=== Listed records ===

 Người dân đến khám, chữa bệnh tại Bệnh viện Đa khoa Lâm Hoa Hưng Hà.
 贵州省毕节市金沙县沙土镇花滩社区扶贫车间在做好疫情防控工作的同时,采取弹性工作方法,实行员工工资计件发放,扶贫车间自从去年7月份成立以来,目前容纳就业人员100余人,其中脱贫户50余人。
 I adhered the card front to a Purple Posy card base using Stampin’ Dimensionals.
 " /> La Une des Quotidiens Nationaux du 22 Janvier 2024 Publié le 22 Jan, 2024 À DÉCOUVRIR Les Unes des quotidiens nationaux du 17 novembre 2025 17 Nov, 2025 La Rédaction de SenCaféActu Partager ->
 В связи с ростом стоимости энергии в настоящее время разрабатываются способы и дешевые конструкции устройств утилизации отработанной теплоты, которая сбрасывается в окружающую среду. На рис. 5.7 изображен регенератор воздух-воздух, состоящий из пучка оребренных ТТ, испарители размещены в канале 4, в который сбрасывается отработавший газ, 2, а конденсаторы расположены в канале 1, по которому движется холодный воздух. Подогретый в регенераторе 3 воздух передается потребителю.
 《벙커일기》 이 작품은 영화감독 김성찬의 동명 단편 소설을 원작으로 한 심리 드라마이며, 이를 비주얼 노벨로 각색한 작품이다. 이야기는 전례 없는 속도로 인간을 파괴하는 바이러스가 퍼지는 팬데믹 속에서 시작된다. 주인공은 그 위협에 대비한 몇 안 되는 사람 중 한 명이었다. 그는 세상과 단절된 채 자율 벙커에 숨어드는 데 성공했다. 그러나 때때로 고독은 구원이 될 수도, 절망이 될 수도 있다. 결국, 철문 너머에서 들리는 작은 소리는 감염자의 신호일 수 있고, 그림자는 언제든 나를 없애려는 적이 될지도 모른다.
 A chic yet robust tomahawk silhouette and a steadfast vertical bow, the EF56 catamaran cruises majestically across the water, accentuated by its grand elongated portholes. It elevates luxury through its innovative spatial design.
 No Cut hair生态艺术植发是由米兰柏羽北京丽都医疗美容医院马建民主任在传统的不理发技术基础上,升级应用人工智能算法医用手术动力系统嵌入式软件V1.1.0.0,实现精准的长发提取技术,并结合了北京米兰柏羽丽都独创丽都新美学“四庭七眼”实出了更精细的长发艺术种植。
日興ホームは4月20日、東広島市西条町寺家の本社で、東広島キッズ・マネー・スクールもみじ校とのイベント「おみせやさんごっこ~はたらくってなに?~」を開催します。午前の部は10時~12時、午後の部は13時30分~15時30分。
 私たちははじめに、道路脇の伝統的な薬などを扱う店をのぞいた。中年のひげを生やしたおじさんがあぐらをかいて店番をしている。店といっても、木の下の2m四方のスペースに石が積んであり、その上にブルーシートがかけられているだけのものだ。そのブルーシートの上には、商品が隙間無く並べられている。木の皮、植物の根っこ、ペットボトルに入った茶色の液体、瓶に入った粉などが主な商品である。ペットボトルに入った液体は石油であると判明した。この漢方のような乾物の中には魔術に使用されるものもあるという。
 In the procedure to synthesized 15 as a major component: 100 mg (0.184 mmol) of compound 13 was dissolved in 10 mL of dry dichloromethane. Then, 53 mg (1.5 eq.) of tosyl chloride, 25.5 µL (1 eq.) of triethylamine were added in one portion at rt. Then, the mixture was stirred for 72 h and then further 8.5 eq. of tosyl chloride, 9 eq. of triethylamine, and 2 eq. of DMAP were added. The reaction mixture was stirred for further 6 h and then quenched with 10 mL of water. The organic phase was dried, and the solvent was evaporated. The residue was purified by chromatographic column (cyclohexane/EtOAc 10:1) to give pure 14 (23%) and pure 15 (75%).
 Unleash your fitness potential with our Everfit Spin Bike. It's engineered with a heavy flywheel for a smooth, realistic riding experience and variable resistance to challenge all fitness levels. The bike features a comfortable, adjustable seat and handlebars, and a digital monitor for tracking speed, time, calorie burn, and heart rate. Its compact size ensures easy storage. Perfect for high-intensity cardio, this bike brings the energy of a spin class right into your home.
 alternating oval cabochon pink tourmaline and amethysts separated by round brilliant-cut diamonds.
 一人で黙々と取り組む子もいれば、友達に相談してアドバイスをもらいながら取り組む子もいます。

===

**Task:**
Keep both end lines and retype everything in the records above from the line containing "贵州省毕节市金沙县沙土镇花滩" through the line containing "私たちははじめに、道路脇の伝", exactly, with nothing else.

**Reply to the exercise:**
 贵州省毕节市金沙县沙土镇花滩社区扶贫车间在做好疫情防控工作的同时,采取弹性工作方法,实行员工工资计件发放,扶贫车间自从去年7月份成立以来,目前容纳就业人员100余人,其中脱贫户50余人。
 I adhered the card front to a Purple Posy card base using Stampin’ Dimensionals.
 " /> La Une des Quotidiens Nationaux du 22 Janvier 2024 Publié le 22 Jan, 2024 À DÉCOUVRIR Les Unes des quotidiens nationaux du 17 novembre 2025 17 Nov, 2025 La Rédaction de SenCaféActu Partager ->
 В связи с ростом стоимости энергии в настоящее время разрабатываются способы и дешевые конструкции устройств утилизации отработанной теплоты, которая сбрасывается в окружающую среду. На рис. 5.7 изображен регенератор воздух-воздух, состоящий из пучка оребренных ТТ, испарители размещены в канале 4, в который сбрасывается отработавший газ, 2, а конденсаторы расположены в канале 1, по которому движется холодный воздух. Подогретый в регенераторе 3 воздух передается потребителю.
 《벙커일기》 이 작품은 영화감독 김성찬의 동명 단편 소설을 원작으로 한 심리 드라마이며, 이를 비주얼 노벨로 각색한 작품이다. 이야기는 전례 없는 속도로 인간을 파괴하는 바이러스가 퍼지는 팬데믹 속에서 시작된다. 주인공은 그 위협에 대비한 몇 안 되는 사람 중 한 명이었다. 그는 세상과 단절된 채 자율 벙커에 숨어드는 데 성공했다. 그러나 때때로 고독은 구원이 될 수도, 절망이 될 수도 있다. 결국, 철문 너머에서 들리는 작은 소리는 감염자의 신호일 수 있고, 그림자는 언제든 나를 없애려는 적이 될지도 모른다.
 A chic yet robust tomahawk silhouette and a steadfast vertical bow, the EF56 catamaran cruises majestically across the water, accentuated by its grand elongated portholes. It elevates luxury through its innovative spatial design.
 No Cut hair生态艺术植发是由米兰柏羽北京丽都医疗美容医院马建民主任在传统的不理发技术基础上,升级应用人工智能算法医用手术动力系统嵌入式软件V1.1.0.0,实现精准的长发提取技术,并结合了北京米兰柏羽丽都独创丽都新美学“四庭七眼”实出了更精细的长发艺术种植。
日興ホームは4月20日、東広島市西条町寺家の本社で、東広島キッズ・マネー・スクールもみじ校とのイベント「おみせやさんごっこ~はたらくってなに?~」を開催します。午前の部は10時~12時、午後の部は13時30分~15時30分。
 私たちははじめに、道路脇の伝統的な薬などを扱う店をのぞいた。中年のひげを生やしたおじさんがあぐらをかいて店番をしている。店といっても、木の下の2m四方のスペースに石が積んであり、その上にブルーシートがかけられているだけのものだ。そのブルーシートの上には、商品が隙間無く並べられている。木の皮、植物の根っこ、ペットボトルに入った茶色の液体、瓶に入った粉などが主な商品である。ペットボトルに入った液体は石油であると判明した。この漢方のような乾物の中には魔術に使用されるものもあるという。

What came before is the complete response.